▸ **What you have to do**
Word for word, set down the lines from the one that contains "吕布、马可波罗、嬴政、苍、妲己位居前五,前十有五名发育路英雄。" through the final line of the data; no pictures belong in the copy.

▸ **Given data**
☆ ☆ ☆ ☆ ☆ ☆ ☆

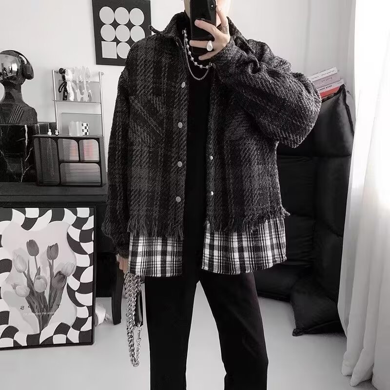 2024春と秋の襟付きコート男性カジュアルファッションブランドのごろつきが高い街の日系レトロな機関車のデザイン感のあるジャケット
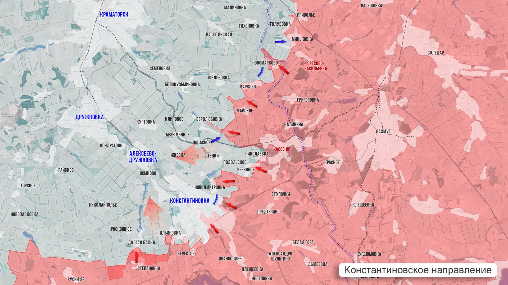 На Константиновском участке интенсивное сражение в сёлах к юго-западу от города – в Долгой Балке и Ильиновке. ВСУ ожесточённо бьются, а на территории Константиновки дронами пытаются замедлить продвижение наших войск. ВС РФ, в свою очередь, методично бьют по логистике противника и ПВД в городской черте. В районе Часов Яра ситуация стабильно тяжёлая, без изменений.
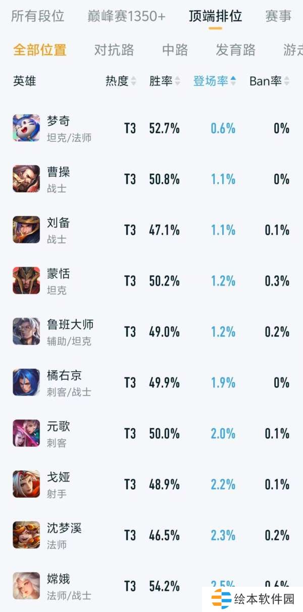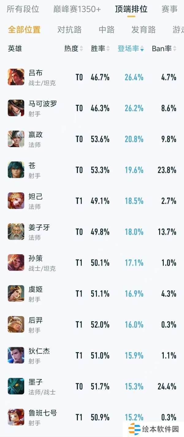吕布、马可波罗、嬴政、苍、妲己位居前五,前十有五名发育路英雄。
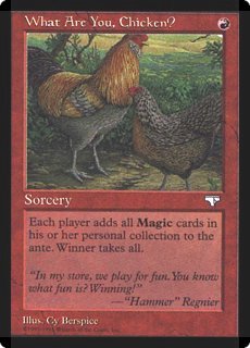 WHAT ARE YOU, CHICKEN? R Sorcery Each player adds all Magic cards in his or her personal collection to the ante. Winner takes all. "In my store, we play for fun. You know what fun is? Winning!" —"Hammer" Regnier |
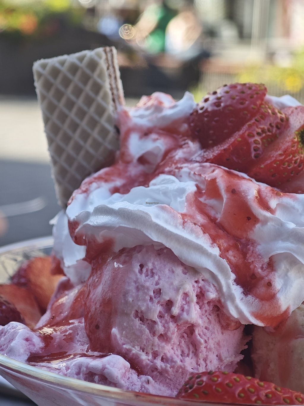 Man bekommt fast alle Eisbecher in vegan, nicht nur ein paar Fruchtsorten wie sonst üblich. Auch Heisse Waffeln mit allem schnickundschnack. Grosse Portionen. Der Eiscafé war einfach köstlich

☆ ☆ ☆ ☆ ☆ ☆ ☆

▸ **Finished task**
吕布、马可波罗、嬴政、苍、妲己位居前五,前十有五名发育路英雄。
 WHAT ARE YOU, CHICKEN? R Sorcery Each player adds all Magic cards in his or her personal collection to the ante. Winner takes all. "In my store, we play for fun. You know what fun is? Winning!" —"Hammer" Regnier |
 Man bekommt fast alle Eisbecher in vegan, nicht nur ein paar Fruchtsorten wie sonst üblich. Auch Heisse Waffeln mit allem schnickundschnack. Grosse Portionen. Der Eiscafé war einfach köstlich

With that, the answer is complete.